For almost a decade, Alibaba.com Corp., led by founder Jack Ma, has been positioning itself at the virtual nexus between China’s manufacturing juggernaut and buyers around the world who want its low-cost goods. Charging manufacturers to promote their products and services to customers on its site with English-language listings, it now dominates China’s business-to-business market. World-wide, it is the most visited import/export site, according to Web-site tracker Alexa.com. Alibaba is about to take a major new step.

Today, Alibaba Group, its parent company, which is 39%-owned by Yahoo Inc., is expected to officially announce the initial public offering of Alibaba.com to Hong Kong retail investors. The IPO is expected to be the biggest ever by a Chinese Internet company, raising as much as $1.3 billion, with trading in Hong Kong set to begin early next month. With a collection of online businesses, Alibaba Group has made headlines as one of the few Chinese Internet companies with a global profile.

Mr. Ma has expanded Alibaba Group to include Taobao.com, an online auction site that has overtaken eBay Inc. as the market-share leader in China, and online payment and software operations. Two recent additions to the group are Alimama, an online marketplace for Web publishers and advertisers, and Koubei, a classifieds site of which Alibaba Group owns 53%. These other operations aren’t part of the IPO.

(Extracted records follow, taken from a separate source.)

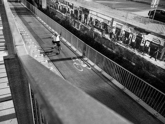 WYRÓŻNIENIE. Rowerem w przeszłość - ścieżka z muralem przy Tarasach Zamkowych w Lublinie.
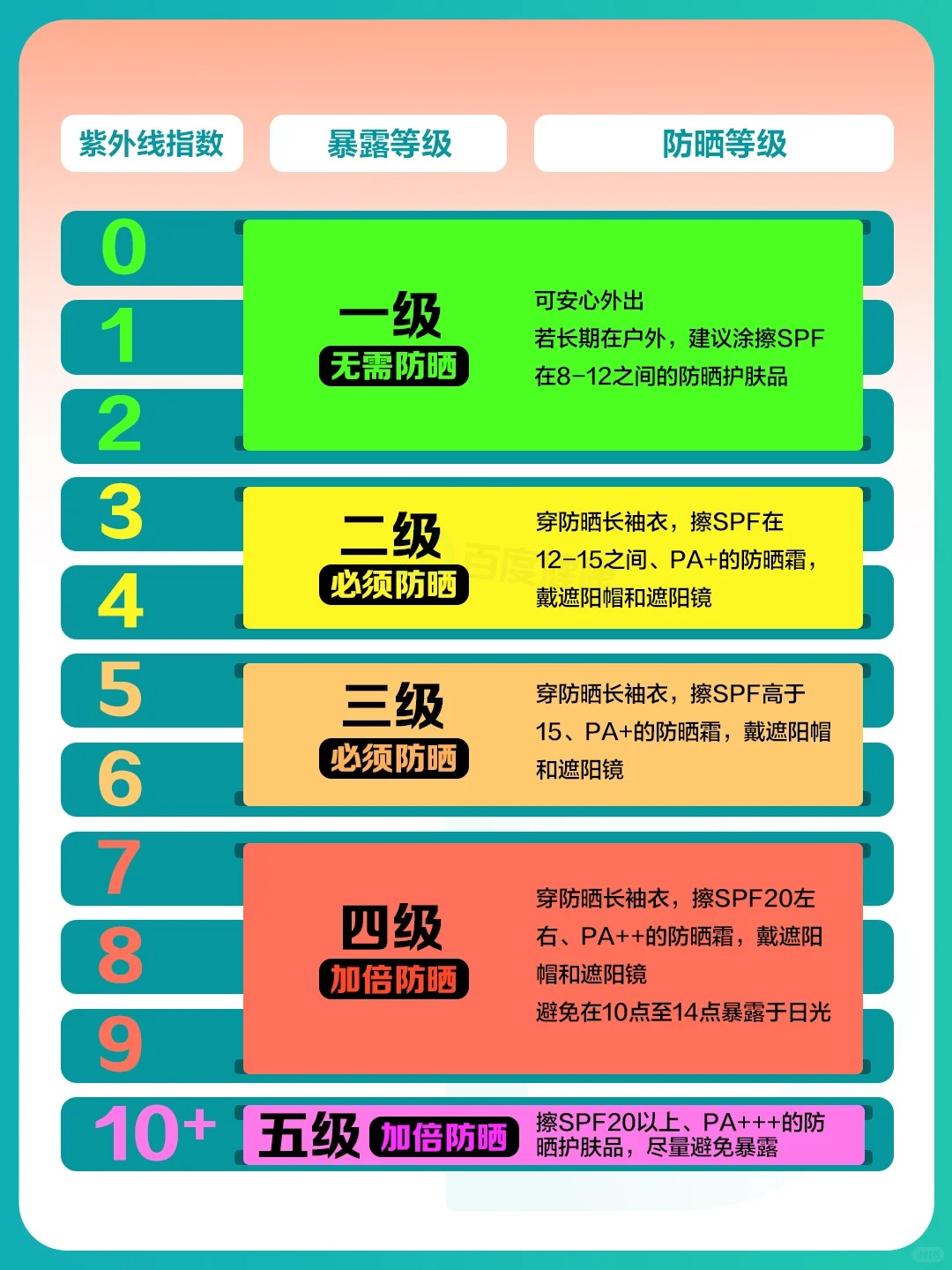 - 海拔一千米:晴天正午的紫外线指数通常为 5-7(中高强度),此时皮肤暴露 30-45 分钟就可能出现轻微红斑,敏感肌和白皮肤人群风险更高。
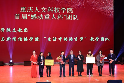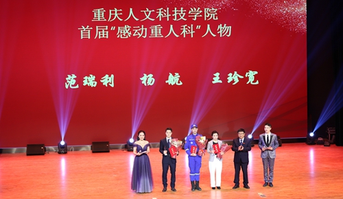 晚会上,首届“感动重人科”感动人物和感动团队揭晓。艺术学院支教团、文学与新闻传播学院“生活中的语言学”教学团队获得首届“感动重人科”团队,艺术学院教师范瑞利、团委干事杨航、体育学院学生王珍宽获得首届“感动重人科”个人。
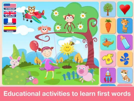 ***** Let your toddler discover world full of fun educational games and learn first words in US English, UK English, Spanish, and French.***** Developed by an award-winning education studios, 22learn, the creator of the best-selling apps for kids, in cooperation with educational specialists to best prepare your children for success in preschool and kindergarten curriculum.
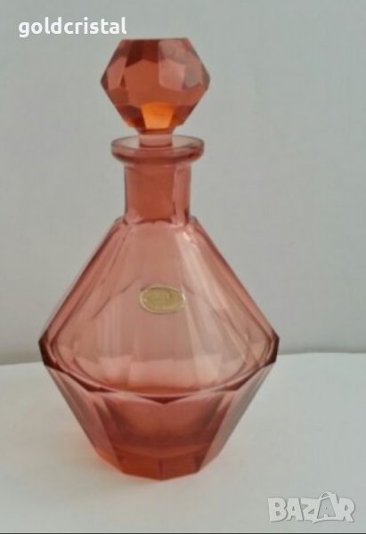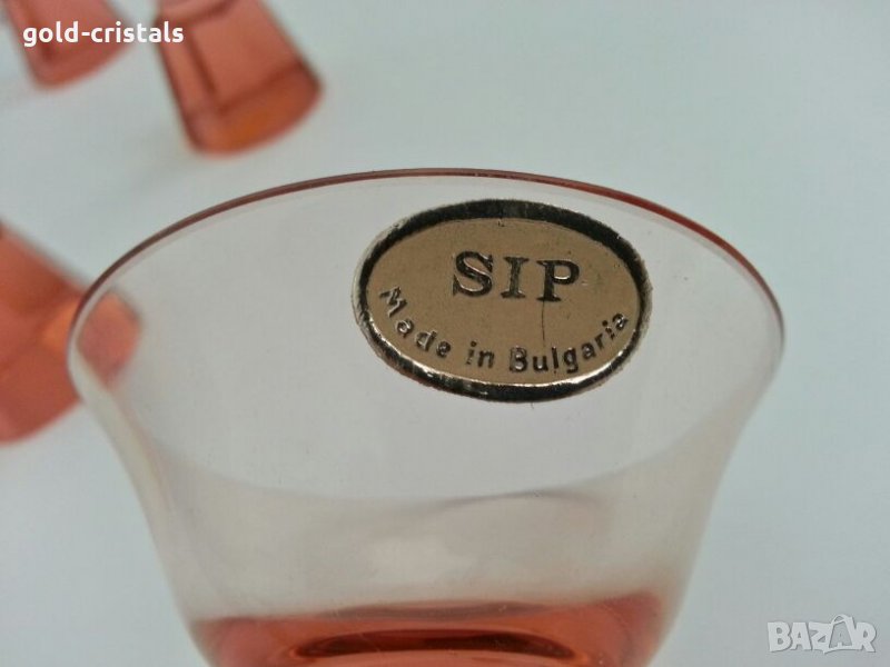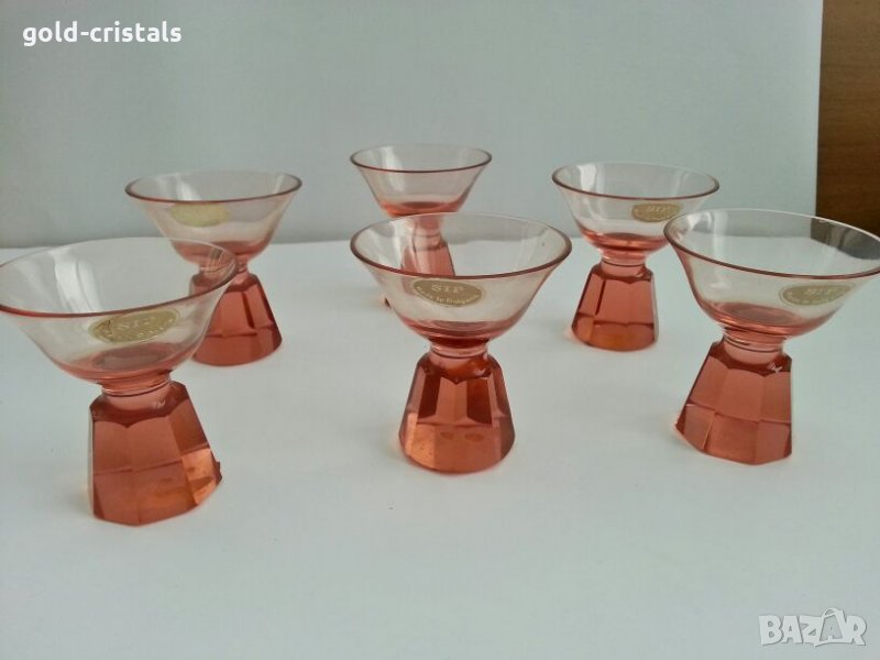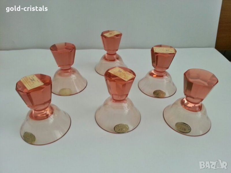 Ангикварен сервиз 53г СИП 6бр чаши и гарафа неизползван с етикети цветно стъкло кристално стъкло комплект сет лот ретро арт декор винтидж колекция стари антикварни предмети обзавеждане за дома и семейството подходящи за подарък за ценители и колекционери
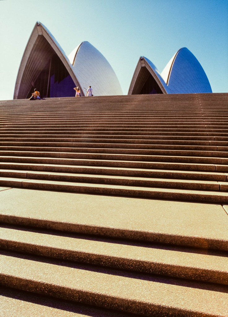 Vor 20 Jahren ist Schröder Bundeskanzler und Zuckerberg gründet Facebook. Und ich lebe in der Schweiz. Schon 2003 war ich dorthin gezogen und hatte begonnen, für die AO Foundation zu arbeiten, einem internationalen Forschungsunternehmen mit Sitz in Davos. Für die AO fotografierte ich im Studio Prototypen von Nägeln und Platten zur Frakturbehandlung, ich war aber auch häufig in verschiedenen Spitälern der Schweiz live dabei, wenn bei Operationen die von der AO erforschten Methoden und Materialien benutzt wurden. Ich war aber auch noch weiter weg – in Australien, wo wir für ein paar Wochen den Süden und Osten bereisten. Das hier gezeigte Foto muss ich kaum erklären, es ist eine architektonische Ikone. Das Opernhaus in Sydney erkennt man auf den ersten Blick, auch wenn ich bewußt nur einen kleinen Teil gezeigt habe. Die Linien und Strukturen von Architektur, auch das Abstrakte daran, haben mich offensichtlich schon damals interessiert. Belichtet mit einer Canon EOS 3 auf Ektachrome.

In 2005, Yahoo paid $1 billion for its stake in Alibaba, and it turned over control of Yahoo’s Chinese operations to Mr. Ma.

Based in the eastern city of Hangzhou, near Shanghai, Alibaba.com gets the bulk of its revenue from small and midsize Chinese manufacturers who pay to join the site. The company helps them post listings that include descriptions of their products, contact information and, in some cases, videos showcasing the suppliers’ factories. Buyers also can post their requests for products in the “buying leads” section. Yu Xuehui, owner of heater manufacturer Ningbo Jasun Electrical Appliance Co., says Alibaba helped take his business to a new level. While he had to rely on outside firms to sell his products in the past, and mostly did domestic orders, he now has relationships with clients around the world. “I knew I wanted to export but had nowhere to start,” Mr. Yu says. Since joining the site six years ago, he says his annual revenue has increased by $1.3 million.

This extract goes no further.